GOCHUJANG GLAZE POWER BOWL
This Korean-inspired Gochujang Glaze Power Bowl offers bold flavour and plant-based nourishment in a single pan. This power bowl contain cubed tofu, tender broccoli and chewy rice cakes (tteok) are coated in savoury gochujang paste and roasted to create a dish that’s both hearty and packed with umami.
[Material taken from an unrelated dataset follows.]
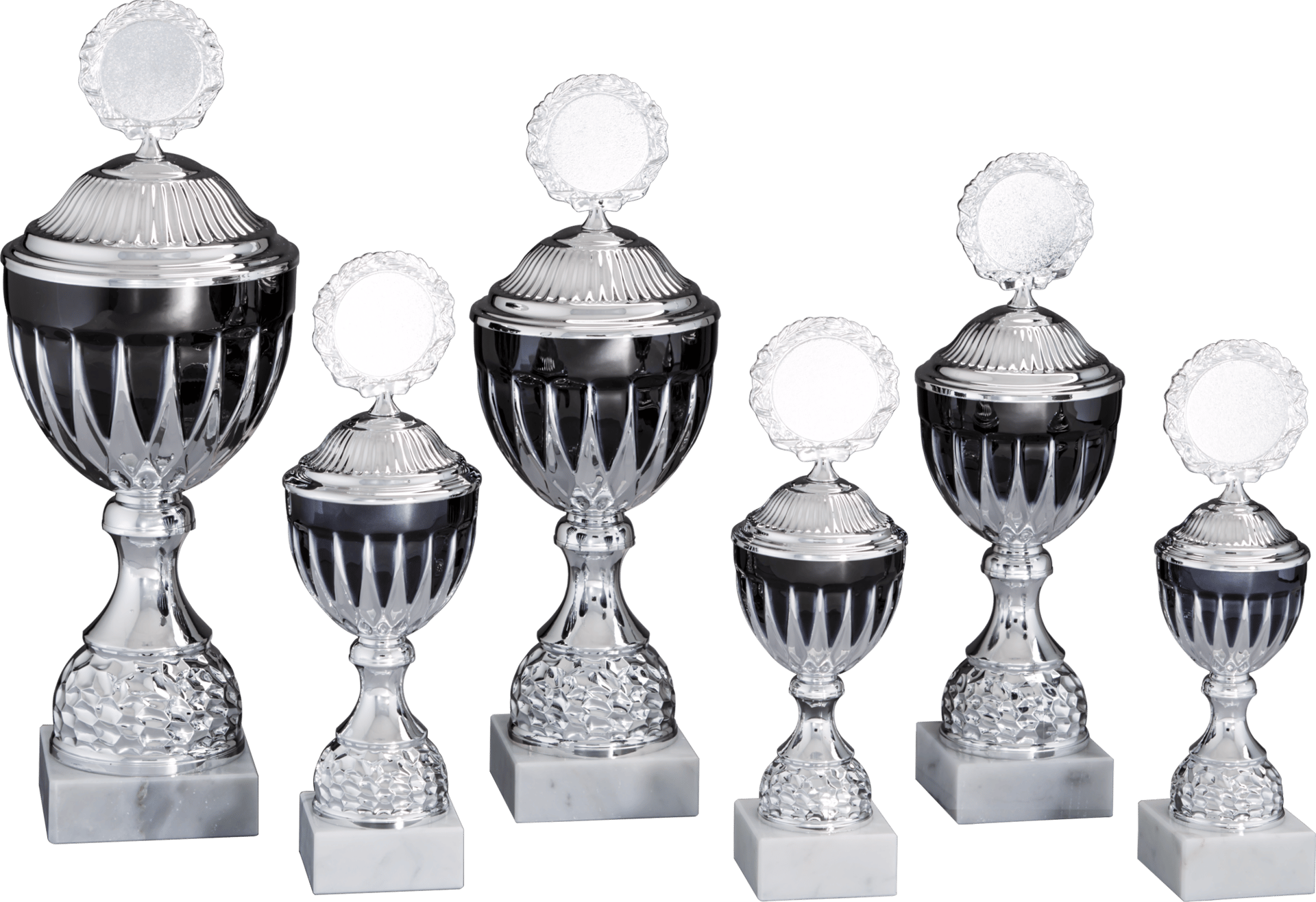 Pokal in Silber, Schwarz von 24,7 cm – 38,9 cm Höhe in Standard Qualität. Individuelle Sockelbeschriftung auf Gravurplatte. Emblem in 50 mm Durchmesser wählbar aus über 300 Designs oder einem eigenen Emblem. Dieser Pokal ist universell für jede Zielgruppe/Sportart einsetzbar. Als 6er-Serie erhältlich.

With sesame oil enhancing the richness and fresh spring onions bringing a pop of brightness, every bite delivers contrast and comfort. Ideal for a weeknight dinner or meal prep, this recipe combines speed with satisfaction. It’s naturally vegan and gluten-free, perfect for those seeking both nutrition and taste. Whether you’re a tofu enthusiast or simply exploring Korean flavours, this is a warm and well-balanced meal that’s easy to prepare and rewarding. Serve it on its own or pair with a side of steamed rice or pickled radish for a complete Korean-style plate that satisfies every craving.
RECIPE CATEGORY
Dinner
SERVING SIZE
1
CUISINE
Korean
PREPARATION/TECHNIQUES
Roast, Bake, One-Pot Wonders
OCCASION/HOLIDAY
Fall, Winter, Potluck, Picnic, Family Reunion
SPECIAL CONSIDERATION/DIETARY CONCERNS
Healthy, Vegan, Quick & Easy, Low Fat, Low/No Sugar, Wheat/Gluten-Free
DISH TYPE
Casserole / Gratin
INGREDIENTS
There are the following ingredients for Gochujang Glaze Power Bowl:
- 100g tofu, cubed
- ½ cup broccoli florets
- ¼ cup sliced Korean rice cakes (tteok)
- 1 teaspoon gochujang paste
- 1 teaspoon sesame oil
- Sprinkle of chopped spring onion
FULL NUTRITIONAL INFORMATION
- Calories: 154.6 kilocalories
- Fat: 9.2 grams
- Saturated Fat: 1.5 grams
- Carbohydrate: 9.7 grams
- Sugar: 3.2 grams
- Sodium: 239 milligrams
- Fibre: 2.1 grams
- Protein: 11 grams
- Calcium: 221.5 milligrams
- Iron: 2.0 milligrams
- Potassium: 281.9 milligrams
PREPARATION
These steps are followed for the preparation of Gochujang Glaze Power Bowl:
- Prepare The Tofu: Pat the tofu cubes dry with a clean towel to remove excess moisture. This helps them crisp better in the oven.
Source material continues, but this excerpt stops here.